In this case BRAC approached the Railway with a proposal to alter the terms of an existing collective bargaining agreement. It is not disputed that the issue of including Districts 44 and 45 was not presented in the ensuing negotiations concerning BRAC’s proposed consolidation of seniority districts. By agreeing to negotiate with BRAC on this issue, the Railway did not assume a duty to examine the motives of the union in seeking to consolidate some districts while excluding others.

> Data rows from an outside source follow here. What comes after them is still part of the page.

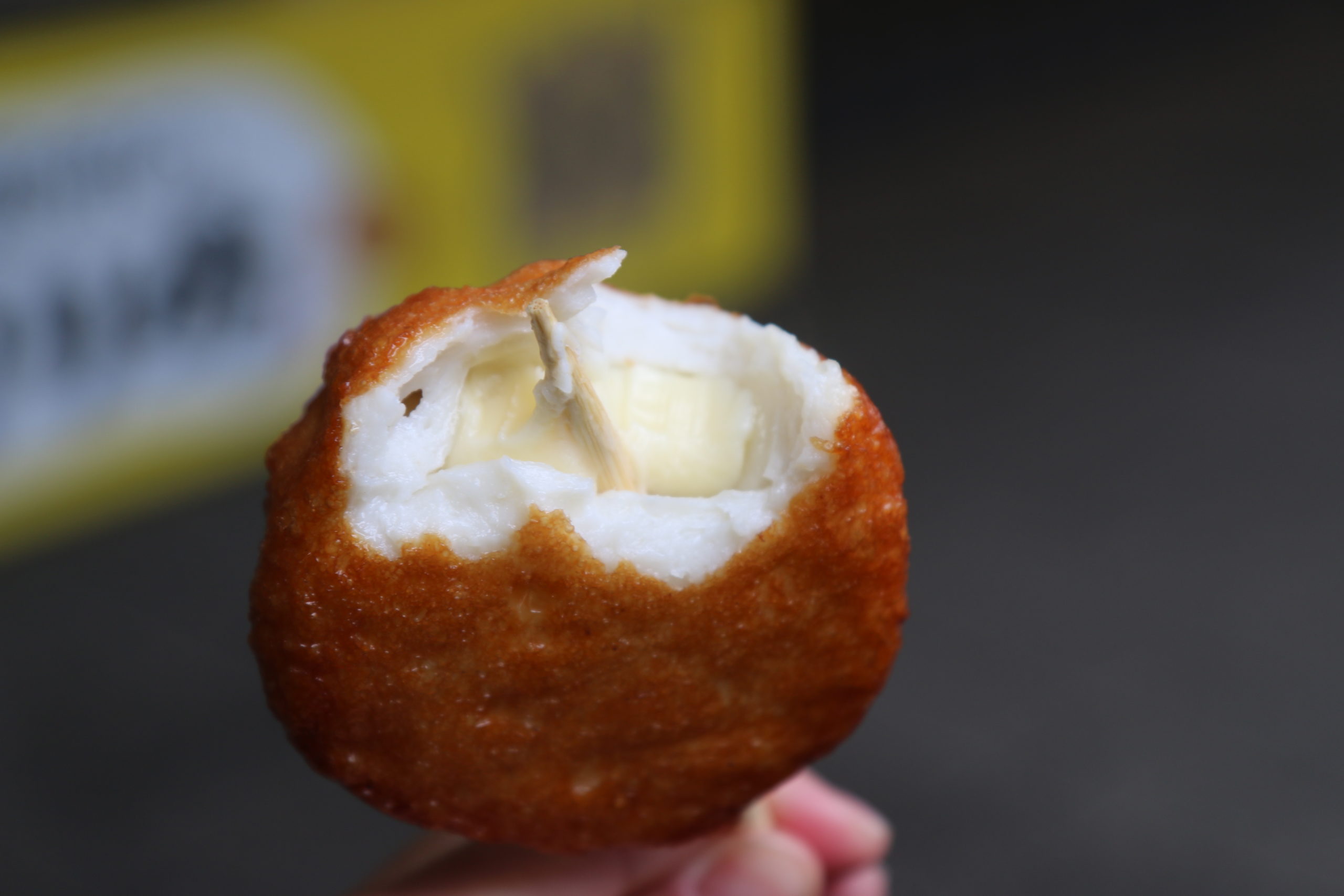 中には濃厚で柔らかいチーズがたっぷり。大人はビールがほしい味です(売ってます)。
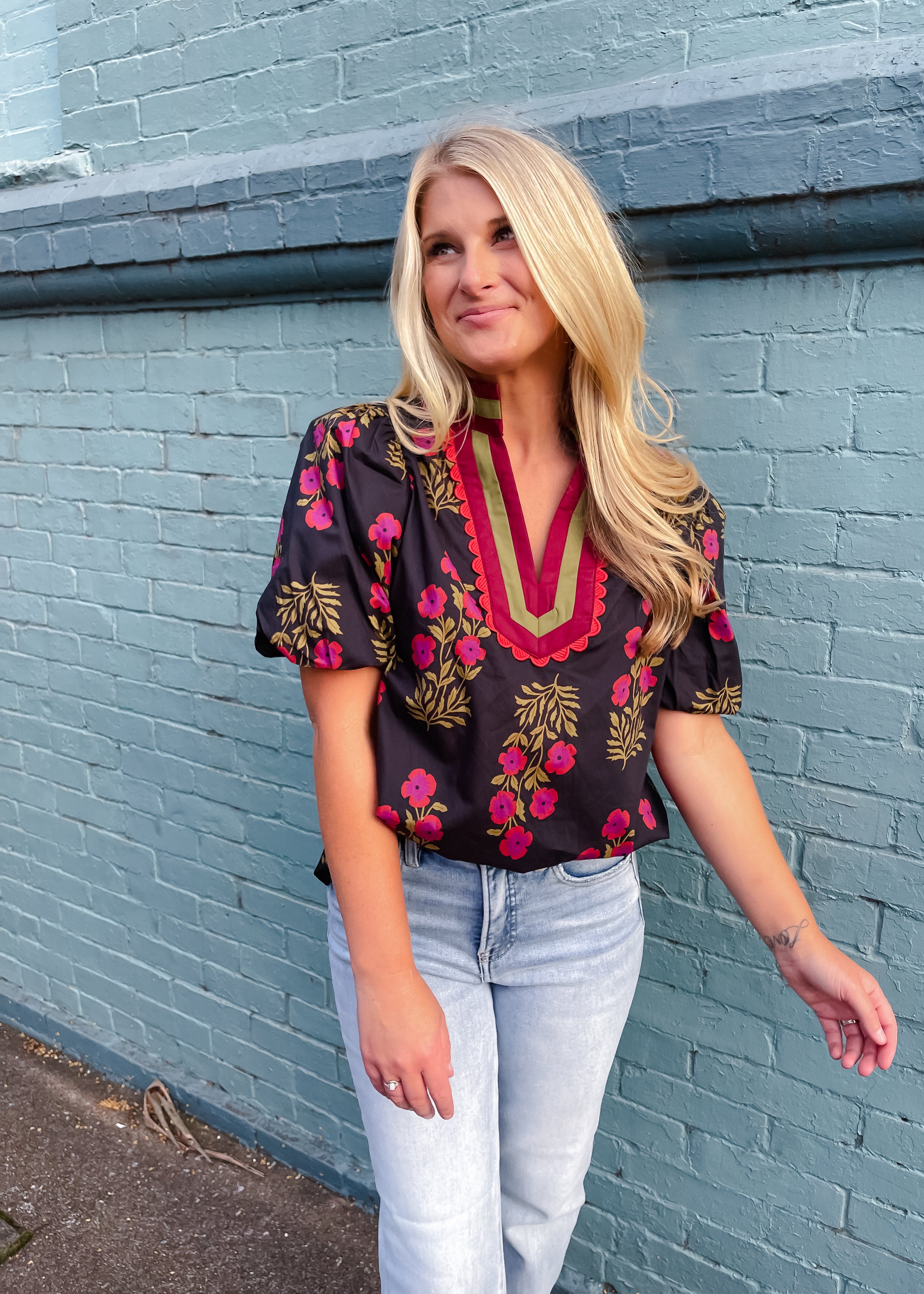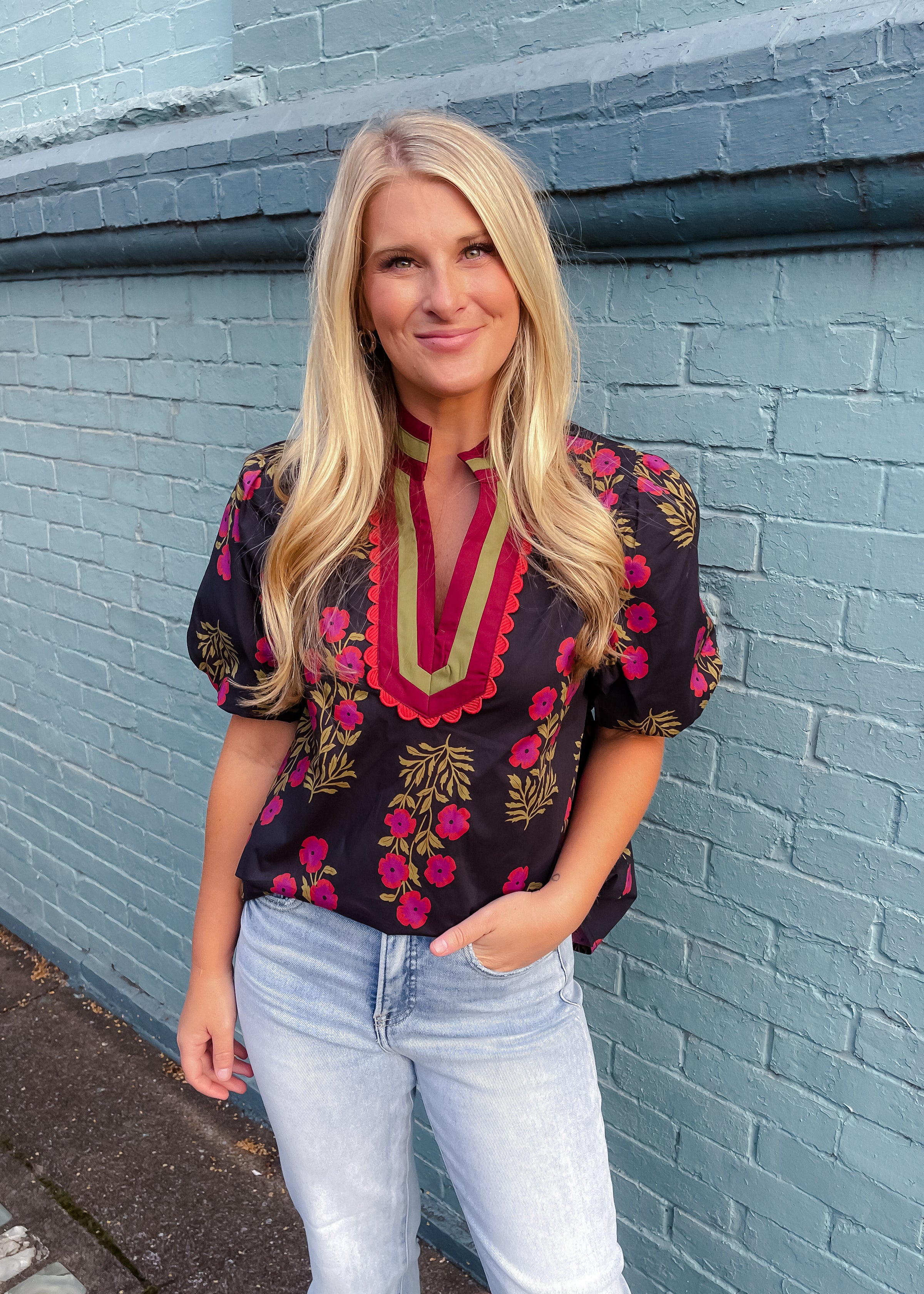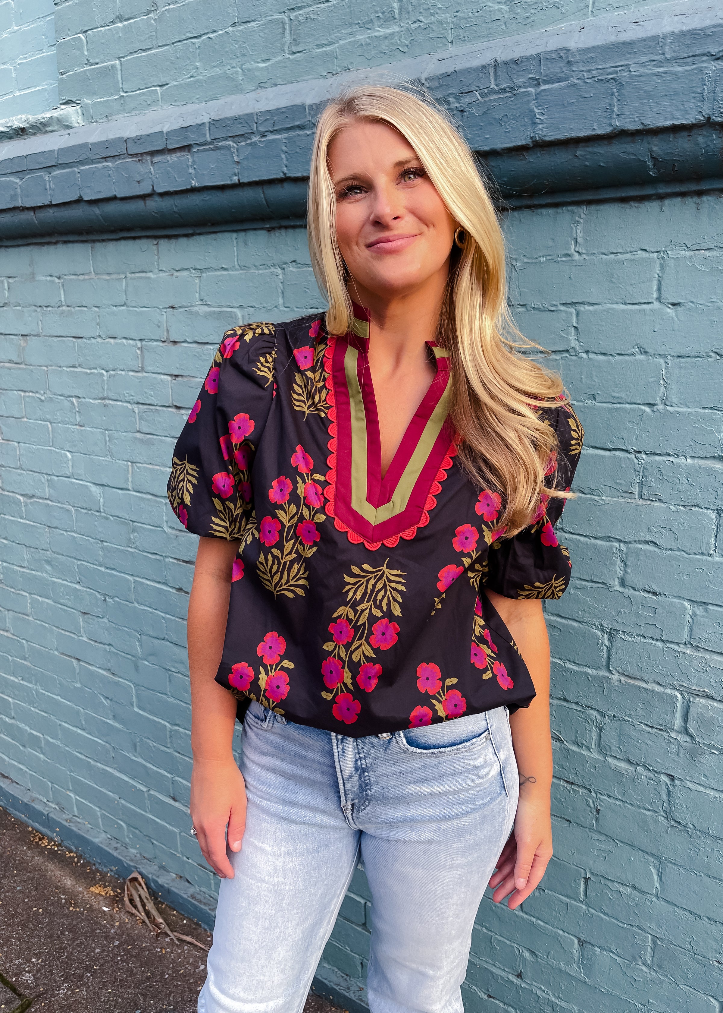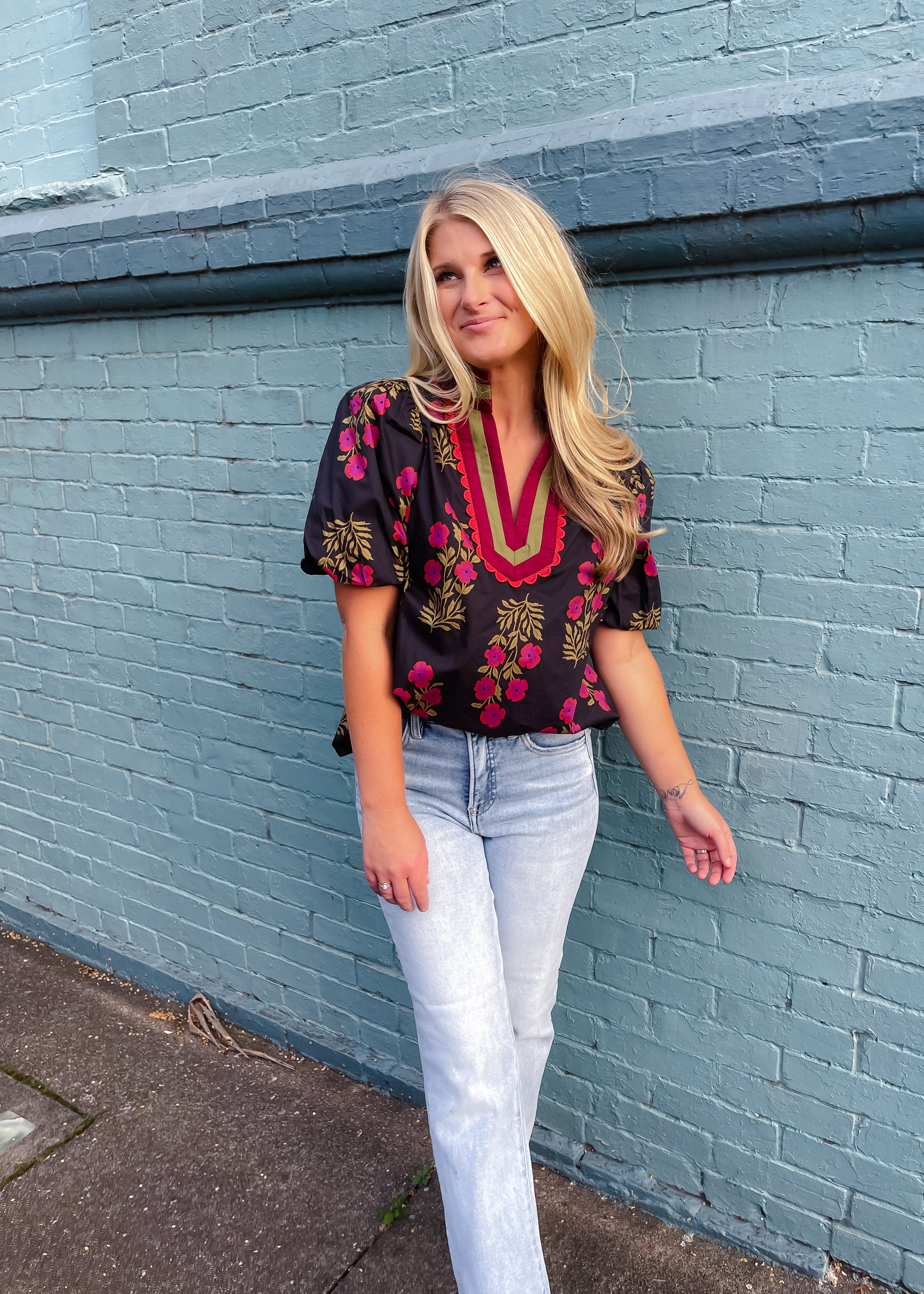 Elevate your wardrobe with the A Day Well Spent Top, featuring dramatic black puff sleeves for a stylish silhouette. The standout purple and green striped collar with a scalloped edge adds a unique touch, leading into a flattering V-neckline. Beautifully adorned with red and purple floral embroidery and lush greenery, this top brings subtle elegance to any outfit. Perfect for turning everyday moments into something special.
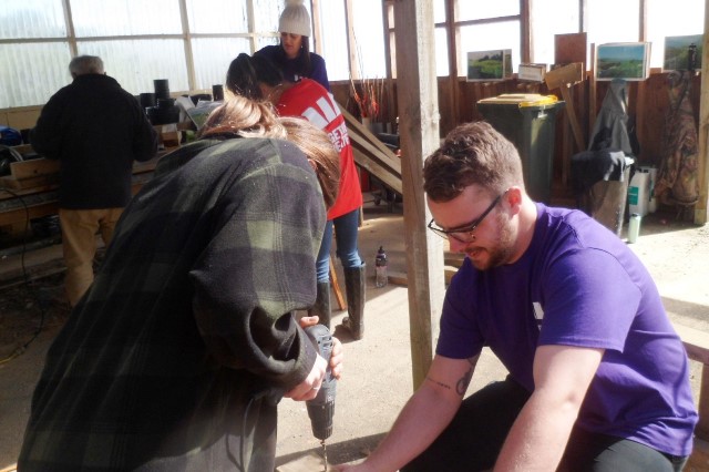 Two teams stayed in the field with Thomas to work on some track maintenance challenges and the other went down to the nursery with Alan to work on benches.
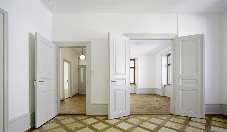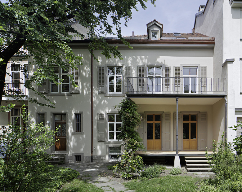 In einem Wohnquartier, das sich, in der Nähe des Birsigviaduktes verortet, befindet sich das 1876 erstelle Stadthaus. Es ist Teil des in der Gründerzeit entstandenen Strassenzuges zwischen Schützenmattpark und Bahnhof SBB, dessen intakte historische Bausubstanz durch typische Elemente der Industrialisierungsarchitektur des ausgehenden 19. Jahrhunderts geprägt wird. Der Byfangweg ist der Schutzzone zugeteilt. Das ursprüngliche freistehende Doppelhaus wurde seit seiner Entstehung mehrmals umgebaut und verändert. Das angebaute Treppenhaus zeugt von diesen Eingriffen. Im Zuge der Gesamtsanierung wird ein Umbau des Wohn und Geschäftshauses in zwei Wohnungen vorgenommen. Die baulichen Eingriffe fokussieren sich auf den Bereich der ehemaligen Erschiessungstreppe, wo die fehlenden Nasszellen eingebaut wurden. Die Küchen möblieren die gartenseitigen Zimmer. Diese werden als Enfilade über teils neue Verbindungstüren mit den Strassenzimmern verbunden. Trotz erheblicher Brandschutzmassnahmen wurde die historische Bausubstanz beibehalten und im Stil der Zeit ergänzt. Alt und Neu sind stilistisch miteinander verschliffen. Im Dachgeschoss wird im ehemaligen Estrich der Zimmerbereich der oberen Maisonette Wohnung eingebaut. Ein weiteres neues Element bildet die über dem Treppenhaus aufgeständerte Terrasse, die mitten in der Dachlandschaft wie ein Vogelnest im Astwerk der alten Bäume sitzt.
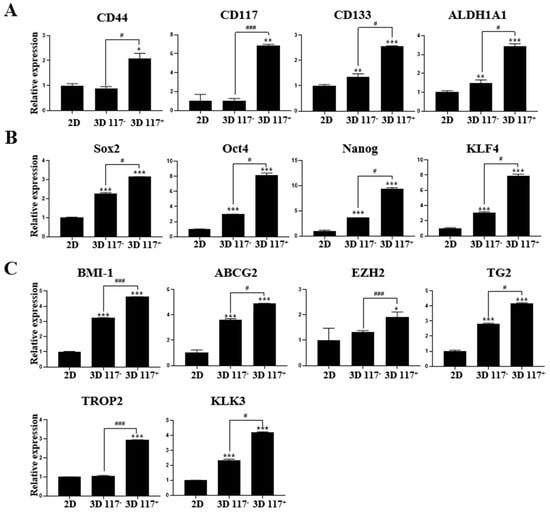 2.7. Stemness and Pluripotency Marker Expression of PC Cells Were Enhanced in MC-B Hydrogels
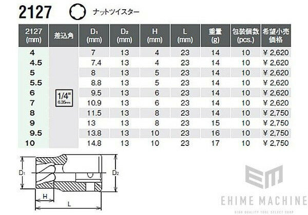 コーケン 2127-10 6.3sq. 10mm ナットツイスター Ko-ken 工具

Were such a duty imposed in collective bargaining situations, employers would become guarantors to employees that their union is representing their interests in a good faith and non-arbitrary manner. As stated by this court in Coleman v. Kroger Co., 399 F.Supp. 724, 731, 732 (W.D.Va.1975).
“[the employer is] expected to represent its own interests which would normally be antagonistic to those of its union em*202ployees. [The employer] could be expected to look to the unions to represent their members’ best interests, and if the union failed in this respect the court perceives no basis for holding [the employer] liable with the unions.
Cf. Hines v. Anchor Motor Freight, Inc., 424 U.S. 554, 96 S.Ct. 1048, 47 L.Ed.2d 55 (1976); Vaca v. Sipes, 386 U.S. 171, 87 S.Ct. 903, 17 L.Ed.2d 842 (1967).
To grant summary judgment, it must be shown that the pleadings and affidavits reveal no genuine issue as to any material fact and that the moving party is entitled to a judgment as a matter of law. Fed.R.Civ.P. 56(c); Kipps v. Ewell, 538 F.2d 564, 566 (4th Cir. 1976). There being nothing of record to implicate the Railway in concerted discriminatory activities with BRAC concerning the consolidation of seniority districts, summary judgment will be granted for the Railway.1 For the reasons stated in the court’s’ opinion of November 1, 1977, BRAC’s renewed motion for summary judgment is denied.